The commission as a whole has been urging Congress to enact data security legislation, and as part of that we believe we ought to have civil penalty authority. There are other areas where Congress has given us that specific authority, although privacy and data security isn’t one of those areas right now.
What we can do, however, is seek monetary relief for redress to consumers — so it’s not always the case that a company we don’t have an order against won’t be subject to a judgment that would encompass financial penalties. A lot of our privacy cases rely primarily on injunctive relief — where we mandate that the company put in place comprehensive privacy programs and also enjoin them from similar actions in violation of the FTC act going forward.
Q: How has the FTC’s approach to technology evolved as that technology has evolved? Where do you think that’s going next?
A: One of our responsibilities has always been to stay on top of evolving business models. We were certainly looking at online commerce when the Internet first became popular.
Back in 2000, only a small percentage of Americans used mobile devices. Today, more than 60 percent are using smartphones.

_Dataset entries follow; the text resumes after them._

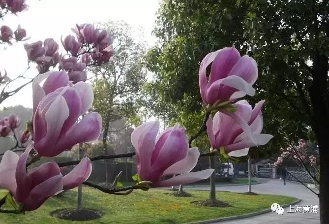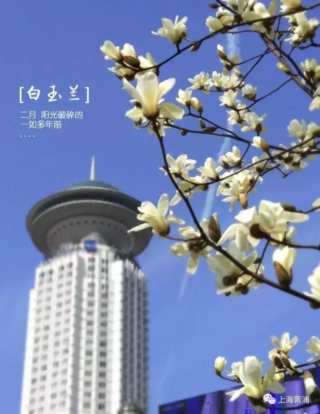 其中的白玉兰在上海的气候下,开花特别早。白玉兰花大而洁白,开放式朵朵向上。白玉兰为上海市市花,象征着一种开路先锋、奋发向上的精神。
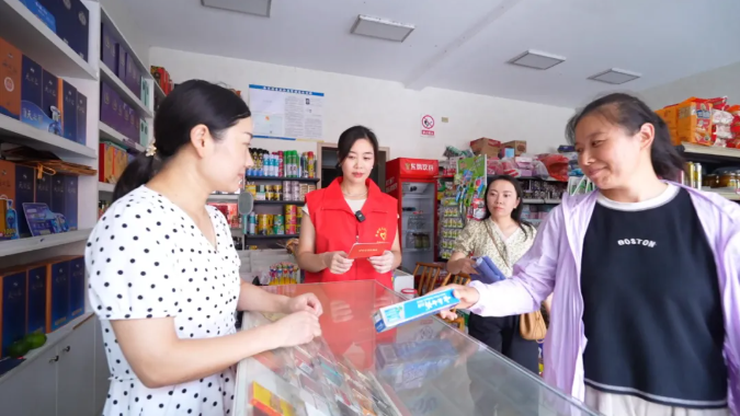 2025年6月25日,監(jiān)利市荒湖管理區(qū)文明實(shí)踐志愿者引導(dǎo)群眾在“美麗荒湖愛心積分兌換超市”兌換獎(jiǎng)品。李超 攝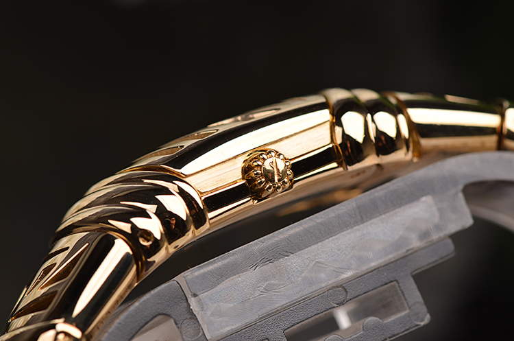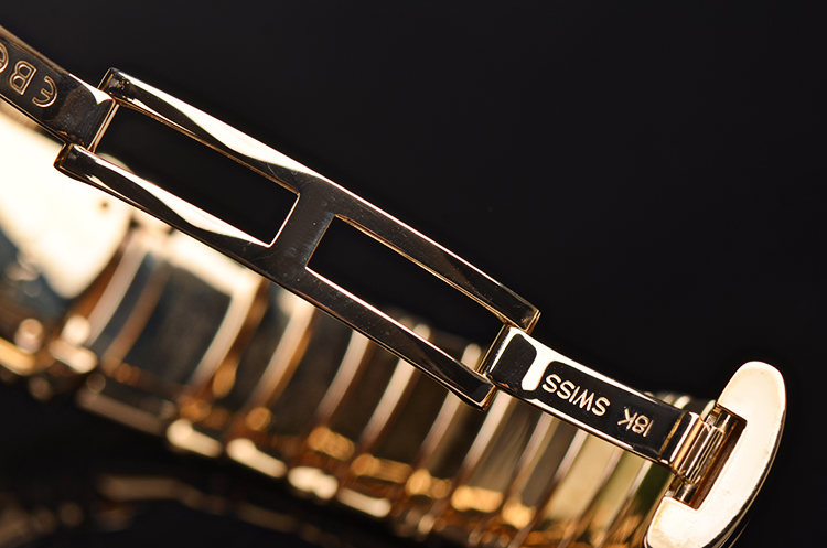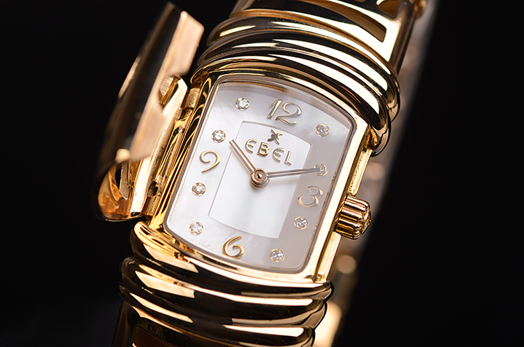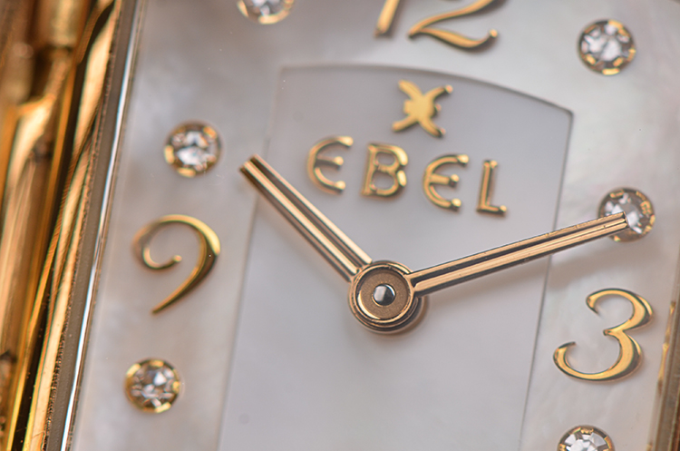 表盘:立体银白色珍珠贝母表盘,黄金指针,8颗钻石时标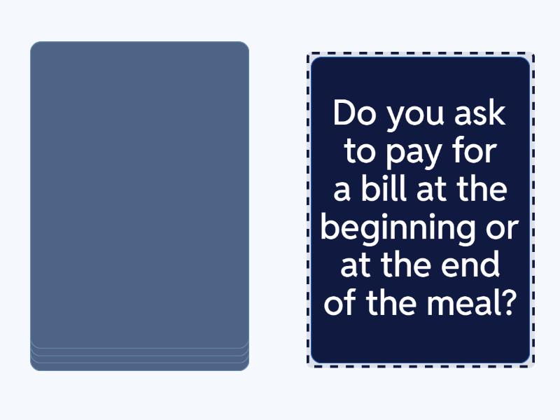 Do you prefer cafes with big or small menu? Why?, What dishes do you order at a cafe most often?, Do you usually leave tips? How much?, Do you ask to pay for a bill at the beginning or at the end of the meal?, Do you know any famous chefs?.

As a consequence of that, we’ve been increasingly placing priorities on making sure that consumer protection extends beyond the brick-and-mortar world and into the mobile ecosystem. We brought a number of cases, even just in 2014, that emphasized to companies the need to ensure that consumers have adequate information about purchases and that disclosures are made effectively on mobile devices.
Q: Do you think consumers are generally aware of the trade-offs that they’re making when it comes to privacy?
A: Most of us carry our phones all the time, and that means a lot of information is being collected. That brings a lot of benefits to the consumer but then also raises certain risks.
You might purchase a smartbed that could monitor your heart rate and your respiration, as well as capture snoring patterns. It might also permit you, from the comfort of your bed, to lock your doors or turn off your lights.
Not only is this smartbed collecting a lot of health information, it’s also now providing connectivity that could raise security issues.
We want to highlight what those risks are but also think about ways to mitigate those risks. We encourage companies to think hard about privacy and data security from the get-go. From the time that they conceive a service or product, we want them to be thinking about how to incorporate protections.
Q: How has your background in corporate law influenced your approach to enforcement?
A: Being both on the side of defending companies and as an enforcer gives you an important perspective — so it’s not just one side pitted against the other. I think it’s important to understand that the vast majority of companies want to comply with the law. You need to have a constructive relationship with them and provide guidance.
Learning how to assess a case, learning how to evaluate whether it’s appropriate to move forward with an enforcement action, determining what type of relief is needed — these are all things I was familiar with from my days as a litigator.
At the same time, being in an agency that places such an importance on policy and research has been new terrain for me, but it is something I feel is valuable.
Q: Do you feel like your background in litigation played into the commission’s decision not to pursue antitrust action against Google for its search practices?
A: I’m not going to get into the Google situation. We issued a statement that articulated our thinking and why it was that we felt it appropriate to close that particular investigation.
But as a general matter, the first question we ask when we are determining whether to bring an enforcement is: What is the right outcome here? Has there been a violation of the law? Sometimes we deal with issues that are very complex, but that’s the first and foremost question that is on my mind when I’m helping to decide whether we ought to proceed.